Second, the timing and completeness of recording of physiologic parameters were variable. We had to make assumptions about pre-ICU SOFA scores because these data were not available.
Third, we were unable to confirm the presence of infection using microbiology results, but even if these data were available, they would likely underestimate the incidence of infection, as around half of ICU patients with sepsis have no organisms identified on culture (30,31). We relied on antibiotic prescription as an indicator of infection, but antibiotics are often prescribed empirically in ICU (19,30), and prescription rates may vary by unit policies and individual clinician behavior (32). The original analysis for developing the Sepsis-3 criteria (3), defined ‘infection, as a new antibiotic prescription with a blood culture, is being taken. Although blood cultures prior to initiation of antibiotics are recommended practice in all our participating units, it is likely that some patients do not receive these investigations (19), and as it is dependent on clinical judgment, it may not add much to the objectivity of ascertaining infection.
Fourth, even if infection and organ dysfunction were confirmed by the algorithm, it is possible that the organ dysfunction was not caused by the infection, and there was an alternative rationale for the antibiotic prescription.
Fifth, we were limited to reporting short-term outcomes within ICU, but future linkage with national registries of deaths and hospital admissions will enable longer term implications of critical illness to be studied. A broader understanding of the epidemiology of sepsis will require the study of patients outside ICU, as the majority of patients with sepsis are not admitted to ICU (9).

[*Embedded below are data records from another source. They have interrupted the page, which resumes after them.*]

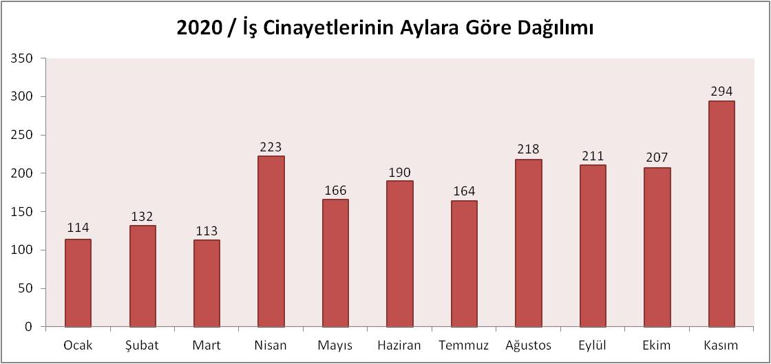 • İş cinayetlerinin aylara göre dağılımına baktığımızda Ocak ayında en az 114 işçi, Şubat ayında en az 132 işçi, Mart ayında en az 113 işçi, Nisan ayında en az 223 işçi, Mayıs ayında en az 166 işçi, Haziran ayında en az 190 işçi, Temmuz ayında en az 164 işçi, Ağustos ayında en az 218 işçi, Eylül ayında en az 211 işçi, Ekim ayında en az 207 işçi ve Kasım ayında en az 294 işçi hayatını kaybetti. 2020 yılının ilk on bir ayında iş cinayetlerinde en az 2032 işçi arkadaşımızı kaybettik...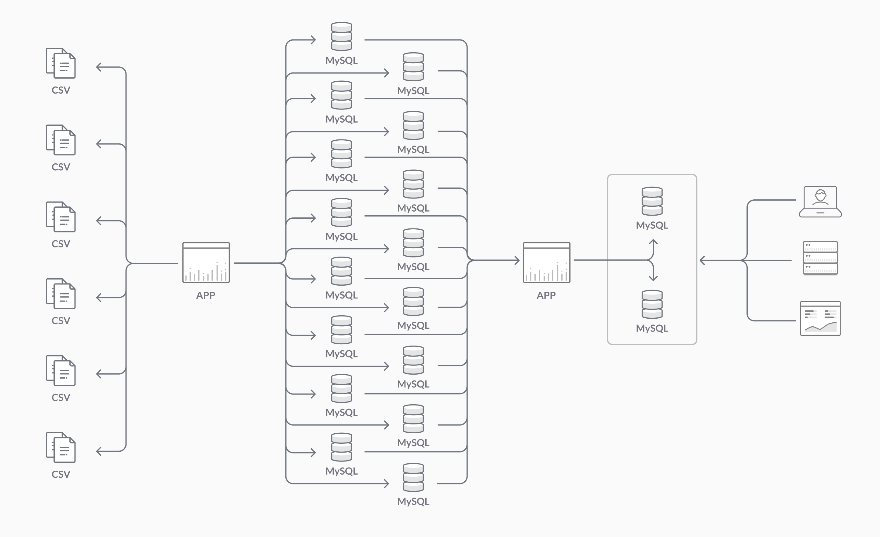 데이터가 MySQL 클러스터에 도달하기 전에 게임로프트는 MooseFS라는 오픈소스 기술을 사용하여, 들어오는 KPI 데이터를 서버에서 임시저장을 했습니다.(MooseFS : 내결함성, 고가용성, 수평 확장 분산 파일 시스템). 그런 다음 ETL 작업은 MooseFS에서 데이터를 처리하여 MySQL 클러스터에 저장하기 전에 데이터를 읽고 변환하여 분석에 사용할 수 있도록 했습니다.
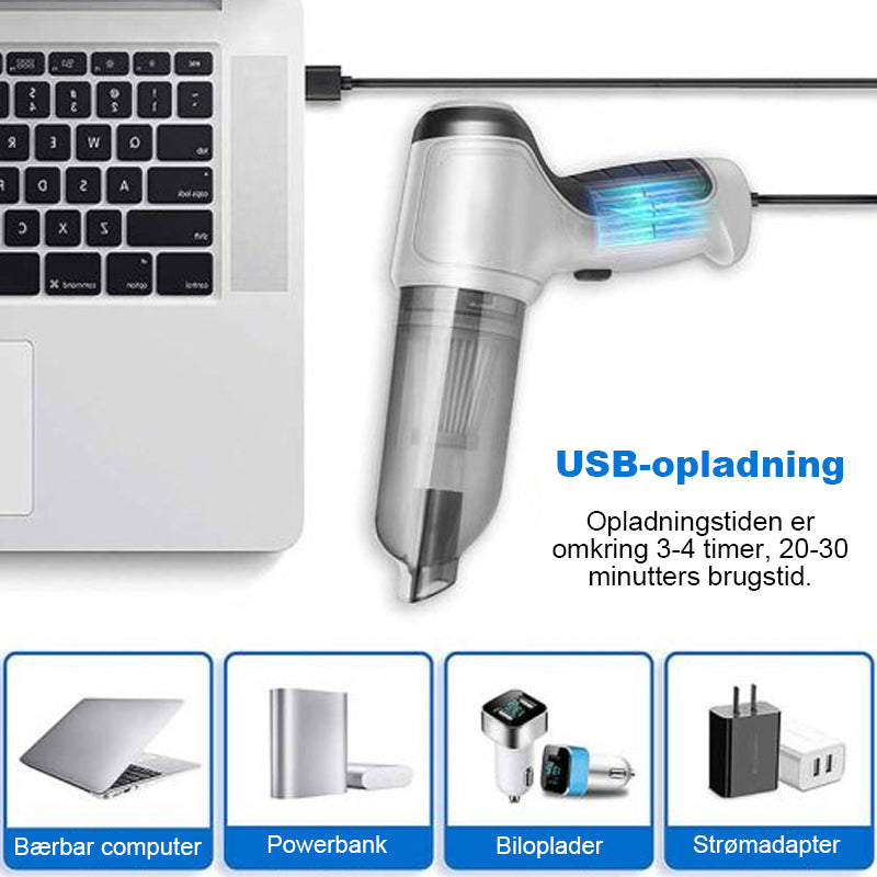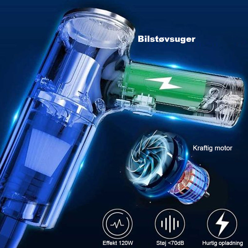 Hold din bil og dit hjem pletfri!: Vores smarte, trådløse støvsuger er det perfekte værktøj til at rengøre din bil og dit hjem på farten! Fjernelse af snavs og støv bliver super nemt og hurtigt!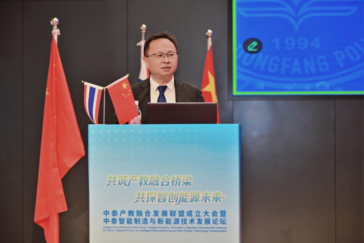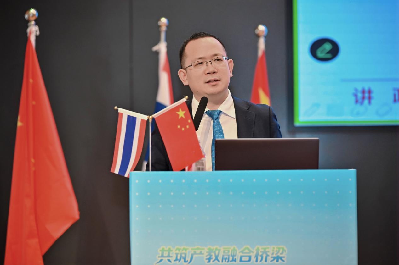 宁波职业技术大学翟志永教授以“全球智能制造与新能源技术发展趋势”为题,解析两大领域深度融合趋势,建议中泰依托中国技术优势与泰国产业需求,在智能电网、绿色工厂领域打造合作标杆;浙江东方职业技术学院张小冰教授分享中泰新能源丝路学院成果,其推动的专业与课程标准获泰认证,形成可复制范式并辐射巴基斯坦,连续两年获泰方职教合作奖项;泰国夜功技术学院Arun Klueanphan校长线上分享本土经验,提及与中方联合开发双学历课程,期待通过联盟引入更多中国实训资源。泰国丰盛发网业有限公司董锋董事长结合泰国人才需求,提出企业协会需转型成为资源整合者,搭建技术平台、组建标准委员会,同时强调法律合规重要性;唐风国际教育集团庄雷总裁梳理中泰“210工程”进展,介绍当前试点专业与云平台服务情况,规划未来专业合作及奖学金设立等事宜,描绘中泰新能源人才培养合作的未来蓝图。

Finally, the ICUs in this study were all in academic hospitals that are regional specialist centers, and the patients may not be representative of the general U.K. critical care population. However, our results are consistent with previous studies from other critical care populations (8,30,33).
We were able to apply the Sepsis-3 criteria for sepsis to an EHR dataset and describe a contemporary population of patients with sepsis in multiple ICUs. Operational definitions based on detailed EHRs may facilitate future studies on sepsis.